In Tampa, Hatton worked as a sportswriter for The Tampa Tribune. He continued working as a journalist until after World War I, when the symptoms of acromegaly developed.  Acromegaly distorted the shape of Hatton's head, face, and extremities in a gradual but consistent process. He eventually became severely disfigured by the disease.  Because the symptoms developed in adulthood (as is common with the disorder), the disfigurement was incorrectly attributed later by film studio publicity departments to elephantiasis resulting from exposure to a German mustard gas attack during service in World War I. Hatton served in combat and served on the Pancho Villa Expedition along the Mexican border and in France during World War I with the United States Army, from which he was discharged due to his illness.

Acting career
Director Henry King noticed Hatton when he was working as a reporter with The Tampa Tribune covering the filming of Hell Harbor (1930) and hired him for a small role. After some hesitation, Hatton moved to Hollywood in 1936 to pursue a career playing similar, often uncredited, bit and extra roles. His most notable of these was as a contestant-extra in the "ugly man competition" (which he loses to a heavily made up Charles Laughton) in the RKO production of The Hunchback of Notre Dame. He had another supporting-character role as Gabe Hart, a member of the lynch mob in the 1943 film of The Ox-Bow Incident.

Universal Studios used Hatton's unusual features to promote him as a horror star after he played the part of The Hoxton Creeper (aka The Hoxton Horror) in the studio's ninth Sherlock Holmes film, The Pearl of Death (1944).  He made two films playing "the Creeper", House of Horrors and  The Brute Man, which were both filmed in 1945 but not released until after his death in 1946.

Death
Around Christmas 1945, Hatton suffered a series of heart attacks, a direct result of his acromegalic condition. On February 2, 1946, he suffered a fatal heart attack at his home on South Tower Drive in Los Angeles. His body was transported to Florida and interred at the American Legion Cemetery in Tampa.

Legacy
Hatton's name — and simple but brutish face — have become recurring humorous motifs in popular culture. In season 6, episode 4 of the 1970s television series The Rockford Files ("Only Rock-n-Roll Will Never Die, part 1"), Jim Rockford, exasperated at a friend who dismisses himself as unattractive, exclaims "You're no Rondo Hatton!" Hatton's physical likeness inspired the Lothar character in Dave Stevens's 1980s Rocketeer Adventure Magazine stories, and in Disney's 1991 film version, The Rocketeer, in which the character is played by actor Tiny Ron in prosthetic make-up.

The 2000 AD comic book character Judge Dredd, who is rarely seen without his helmet, used "face-changing technology" to make himself look like Hatton in issue 52 (18 February 1978) — the first time the character's face was shown unobscured.  The name "Rondo Hatton" was also in a list of suspects obtained by Dredd during the case. As the artist Brian Bolland revealed in an interview with David Bishop: "The picture of Dredd’s face — that was a 1940s actor called Rondo Hatton. I've only seen him in one film." Additionally, the character The Creep in the Dark Horse Presents comic-book series strongly resembled Hatton.

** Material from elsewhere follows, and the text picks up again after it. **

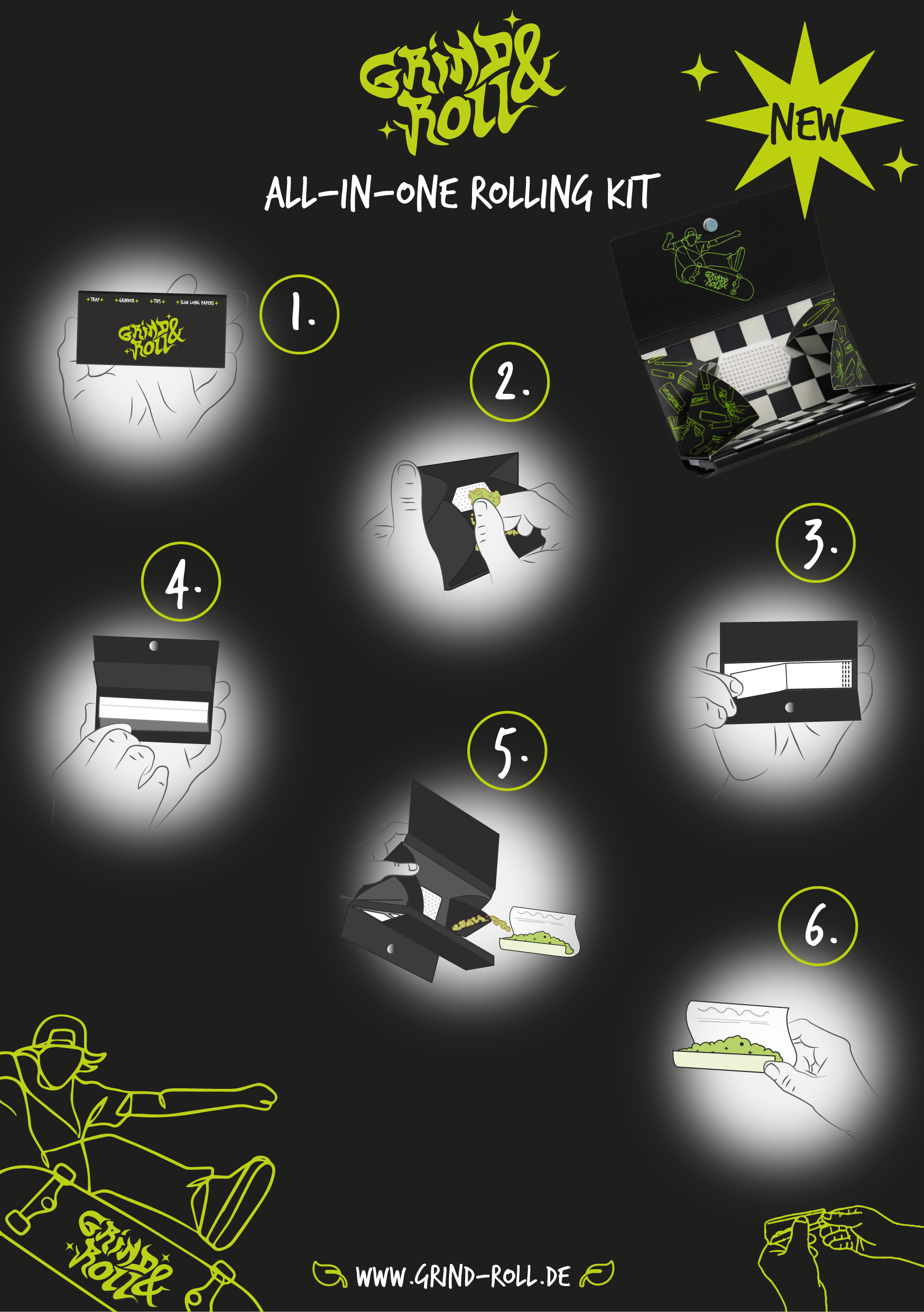 Alles verstaut in einer Magnetverschluss-Box – perfekt als tragbares Rollset und komplettes Rauchzubehör To-Go.

Hatton is regularly name-checked in the novels of Robert Rankin, often referred to as "the now-legendary Rondo Hatton" and credited as appearing in films that are either fictional, or in which he clearly had no part, such as the Carry On films. Rankin's references to Hatton routinely occur in the form of "he had a Rondo Hatton" (hat on).  Another namecheck occurs in Rafi Zabor's PEN/Faulkner-award-winning 1998 novel The Bear Comes Home, where the name is used as a nickname for good-natured but unrefined minor character Tommy Talmo. In the 2004 Stephen King novel, The Dark Tower VII, a character is described as looking "like Rondo Hatton, a film actor from the 1930s, who suffered from acromegaly and got work playing monsters and psychopaths". In the 1991 movie The Rocketeer, actor Tiny Ron Taylor, playing Nazi henchman Lothar, is made up with prosthetics to look like Hatton. The episode of Doctor Who entitled "The Wedding of River Song" features Mark Gatiss as a character whose appearance (achieved through prosthetics) is based on Hatton's, credited under the pseudonym Rondo Haxton for his performance.

A documentary being produced in 2017, Rondo and Bob, and released in 2020, looks at the lives of Hatton and The Texas Chain Saw Massacre art director Robert A. Burns, a self-described expert on Hatton.

The full story of Hatton's life is sensitively told in the Scott Gallinghouse book Rondo Hatton: Beauty Within the Brute (BearManor Media, 2019), which also includes exhaustive production histories of his Universal horror films.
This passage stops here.